Take the lines from the one containing "- Brown Stripe" through the final line below and restate them exactly. Omit the pictures.
[Given material — start]
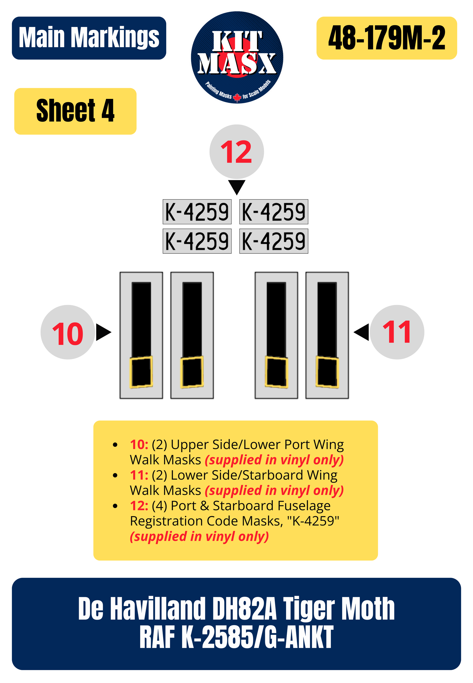- 12: (4) Port & Starboard Fuselage Registration Code Masks, "K-4259" (supplied in vinyl only)
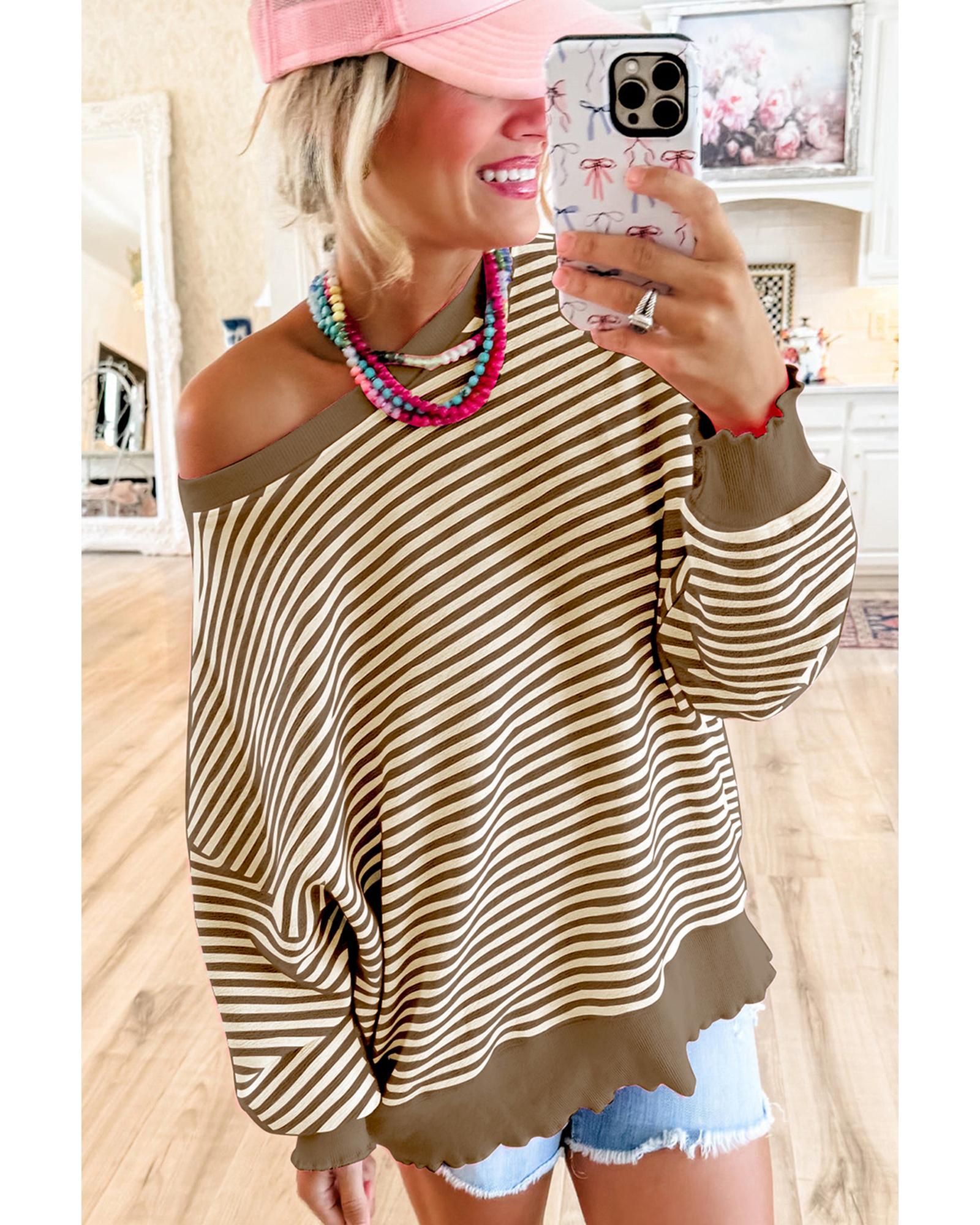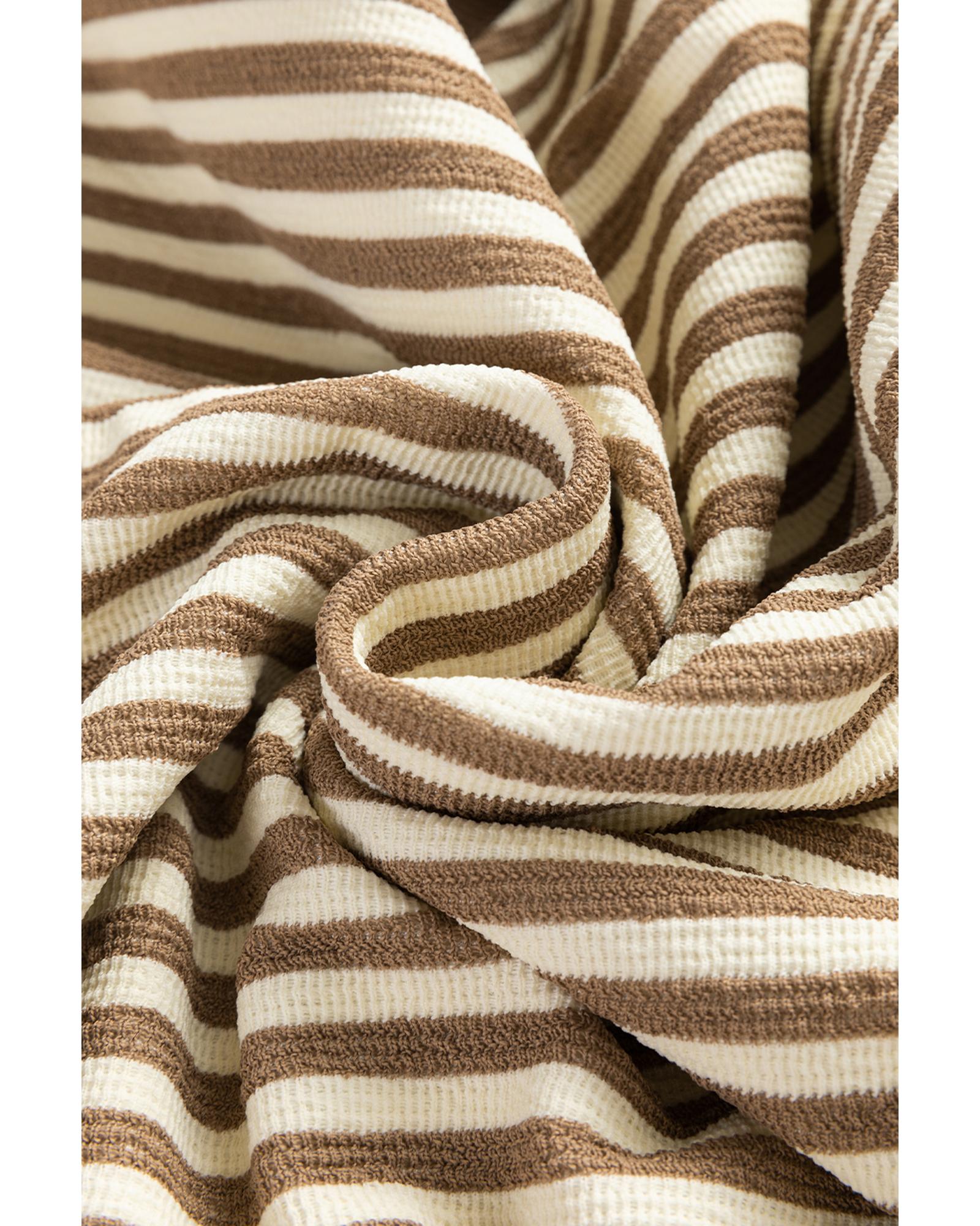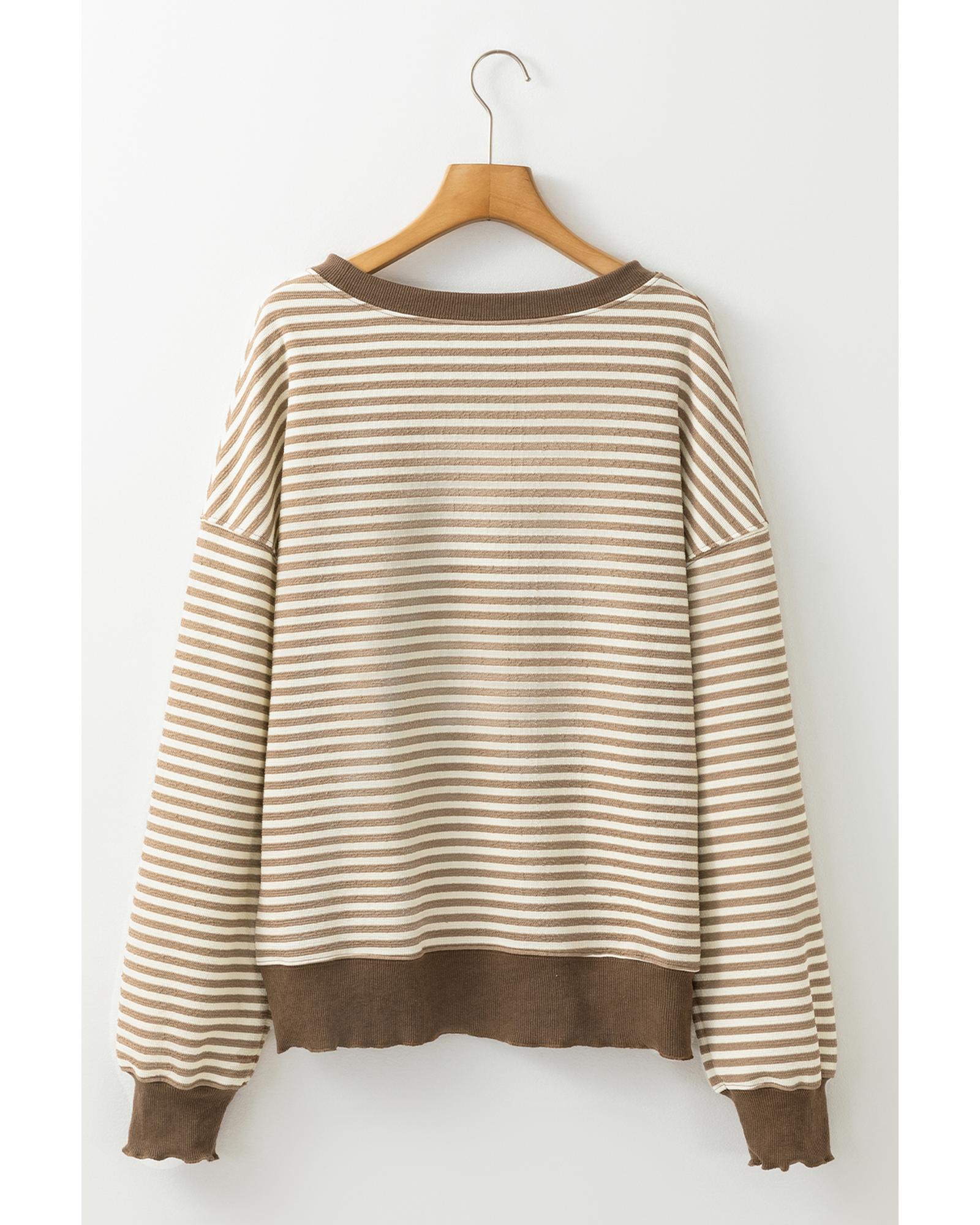 - Brown Stripe Loose Drop Shoulder Long Sleeve Top
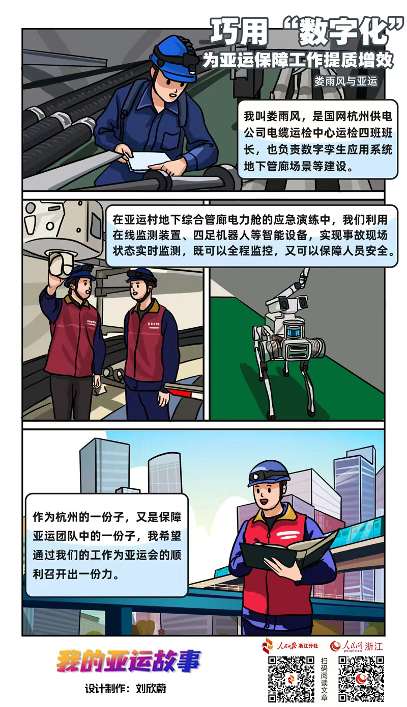 婁雨風告訴記者,在這次亞運會的保障工作中,他主要負責公司亞運電纜監控中心建設、數字孿生應用系統地下管廊場景建設、四足機器人智能巡檢系統建設等工作,開展電纜隧道及綜合管廊電力艙“無人巡視,智慧運檢”體系建設,為保障杭州亞運會順利舉辦添磚加瓦。
[Given material — finish]
Your response:
 - Brown Stripe Loose Drop Shoulder Long Sleeve Top
 婁雨風告訴記者,在這次亞運會的保障工作中,他主要負責公司亞運電纜監控中心建設、數字孿生應用系統地下管廊場景建設、四足機器人智能巡檢系統建設等工作,開展電纜隧道及綜合管廊電力艙“無人巡視,智慧運檢”體系建設,為保障杭州亞運會順利舉辦添磚加瓦。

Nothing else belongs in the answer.